Aftermarket Head Up Display Launches From Garmin

Amy Gilroy July 8, 2013 Comments Off
Aftermarket Head Up Display Launches From Garmin

 

Get ready for head up displays in the aftermarket.  Garmin is taking a sexy, luxury car feature and offering it to the masses with a Bluetooth system that projects “crisp and bright” directions onto a transparent film on the windshield, in the driver’s line of sight.

Called HUD, the device sits on the dashboard and it works with a smartphone app to display navigation plus traffic warnings and traffic camera locations.  It shows an arrow and distance to the next turn, plus an estimated arrival time.  It also shows which lane to be in for the turn, driving speed and the speed limit.

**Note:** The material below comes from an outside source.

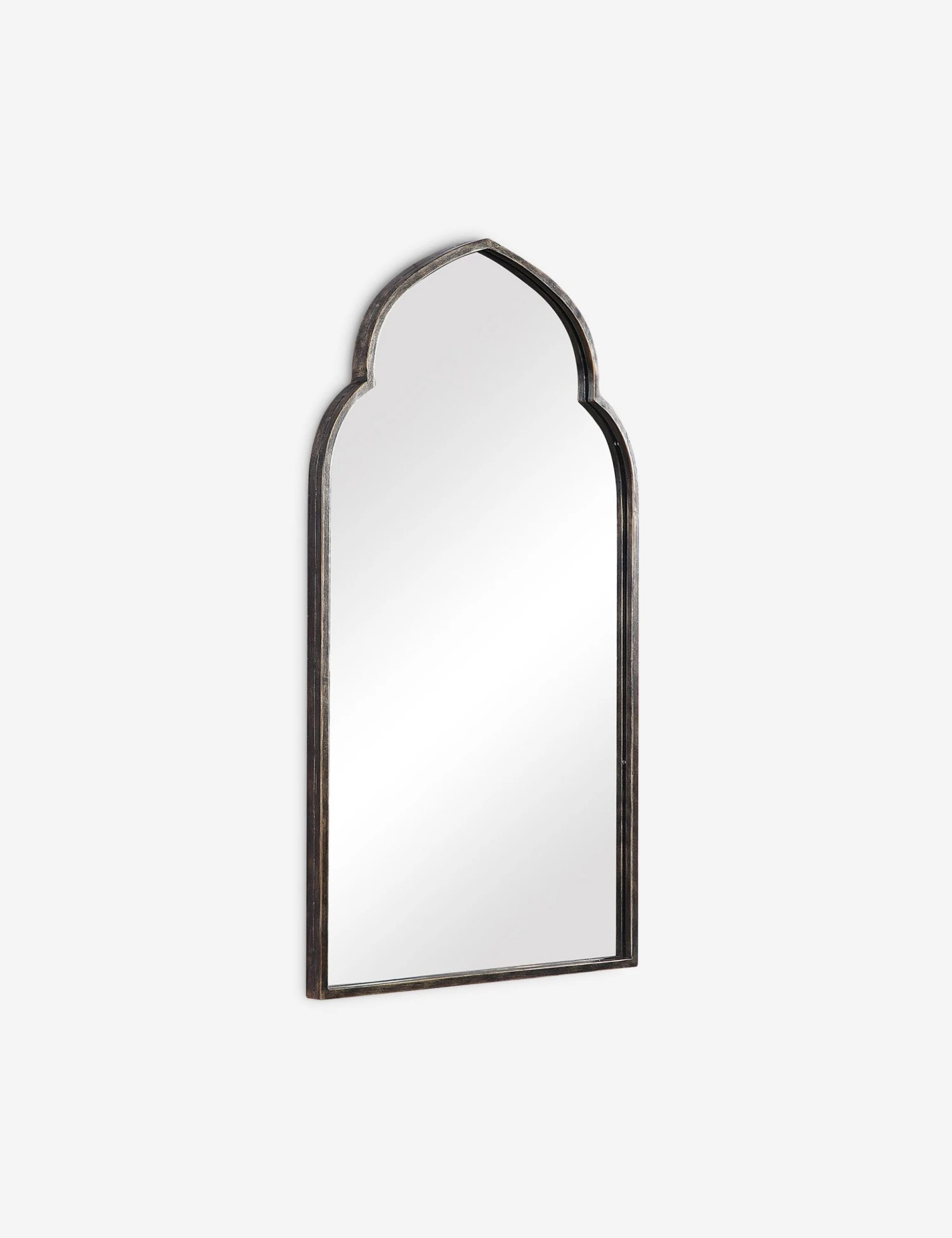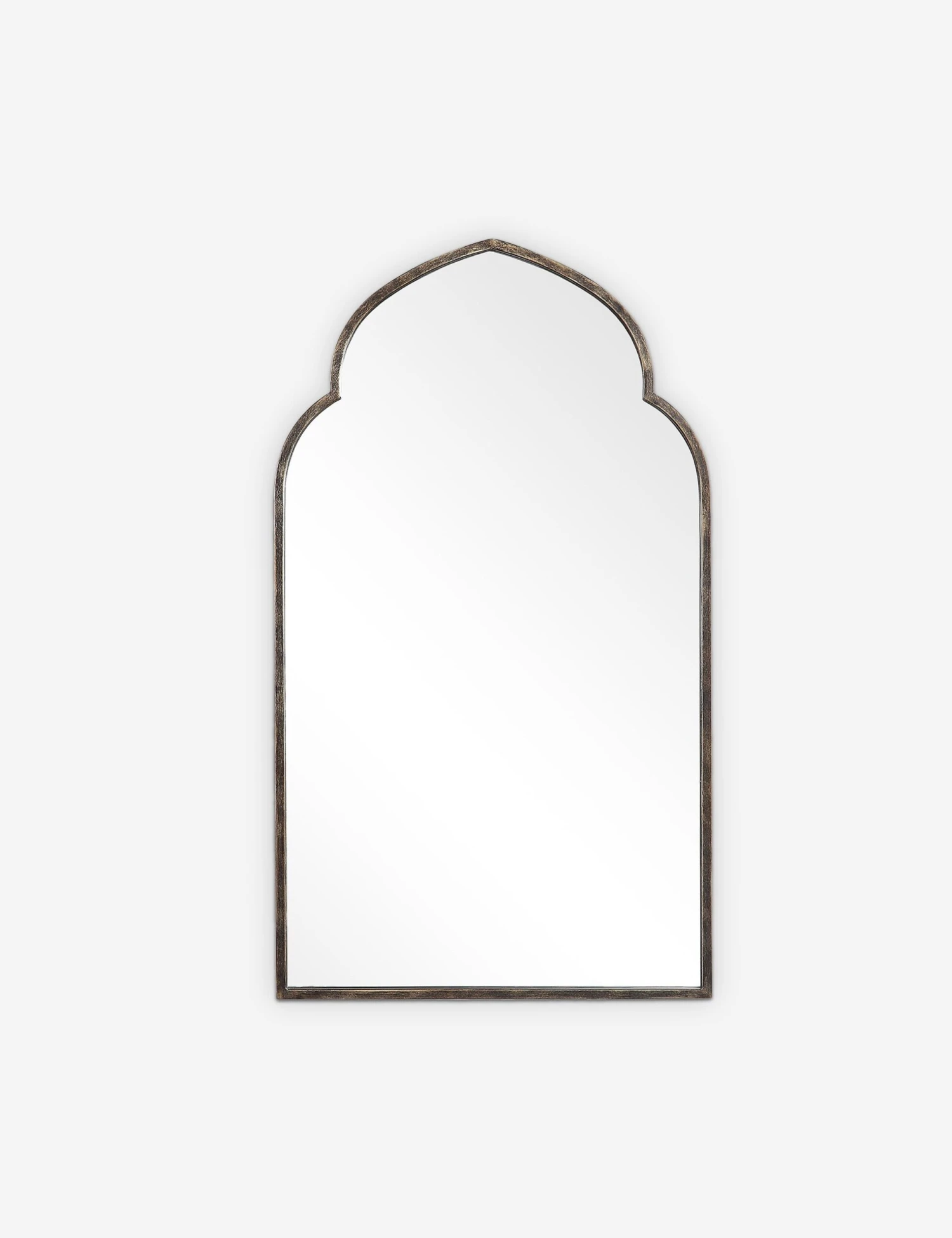 With its beautifully arched shape and an antiqued bronze finish, this decorative mirror looks like an exciting market find. The metal frame’s rich patina brilliantly reflects in the light, so we love the idea of placing this sculptural wall mirror above a mantel or console table.
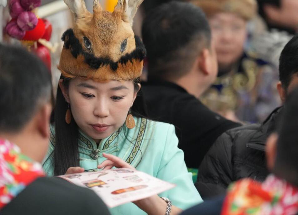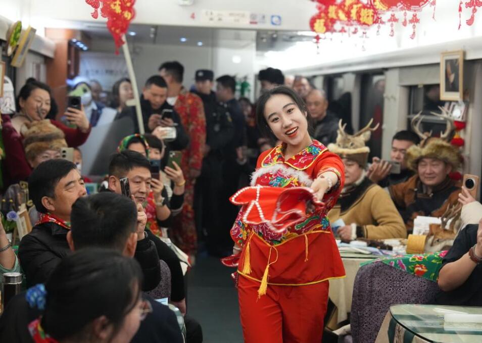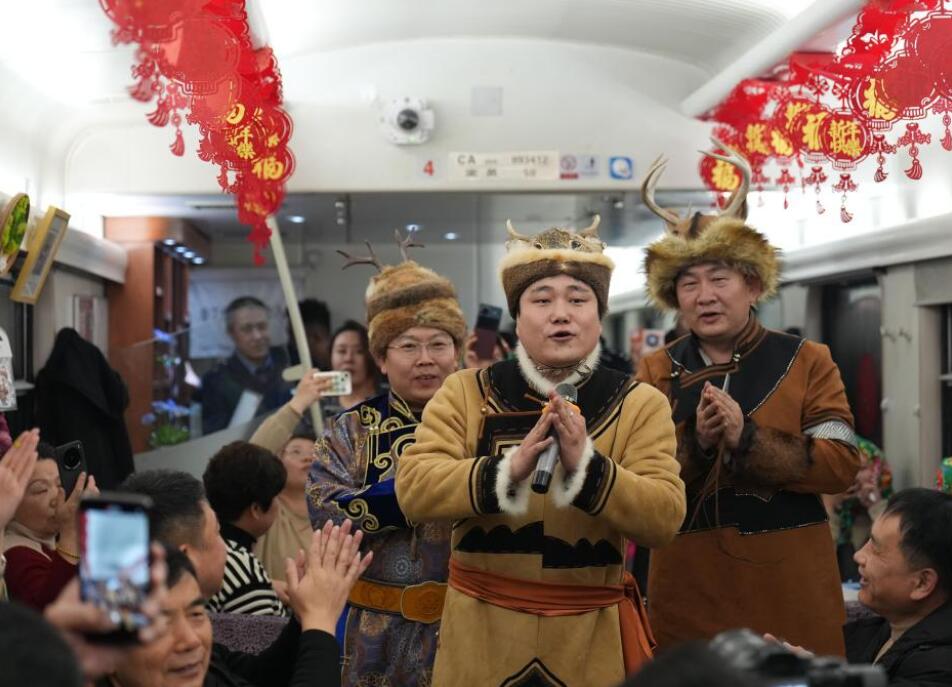 1月11日,在黑龙江省哈尔滨开往漠河的K7041次列车上,五名鄂伦春族非遗文化传承人为旅客展示桦树皮烫画、面塑、刺绣等非遗项目。据了解,这是中国铁路哈尔滨局集团有限公司开行的首趟民族非遗文化列车。随着黑龙江省冰雪游持续火热,中国铁路哈尔滨局集团有限公司联合大兴安岭地区文体广电和旅游局,在哈尔滨至漠河方向开行民族非遗文化列车,邀请非遗传承人现场展示传统民族技艺,弘扬民族文化。图为鄂伦春族“赞达仁”传承人古拉依尔恩特(中)在K7041次列车上演唱。

The display is clear in direct sunlight or at night says Garmin.

“Head-up displays currently have their place in select high-end cars, but HUD makes this technology available as an aftermarket accessory for any vehicle, at an affordable price,” said Garmin VP of Worldwide Sales.

Garmin says HUD is easy to set up. Users can choose between displaying navigation information on their windshield, with the included, transparent film, or on to a reflector lens that attaches directly to HUD.

HUD pairs with an Android, iPhone or Windows 8 phone.  And there’s a USB port in the power cable so you can charge the phone.

It works with either GarminStreetPilot or Navigon navigation apps, which also deliver simultaneous turn-by-turn voice cues through the phone or the car stereo (via Bluetooth).

HUD will ship this summer at $129.99 suggested retail price.  The StreetPilot and Navigon apps start at $29.99 for regional maps such as East, West or Central U.S. and they include real time traffic.

Also when using HUD, music streaming to the car radio will automatically mute for voice prompts.  And HUD directions continue to be displayed while taking calls on the phone.

HUD displays are expected to become a popular in-car feature, and will be included in 9 percent of cars by 2020, up from 2 percent in 2012, according to IHS Automotive.

The displays typically project images that appear about 7 feet in front of the drivers’ eyes, says Detroit News, and are particularly useful because they let driver keep his eyes on the road instead of looking down at a display.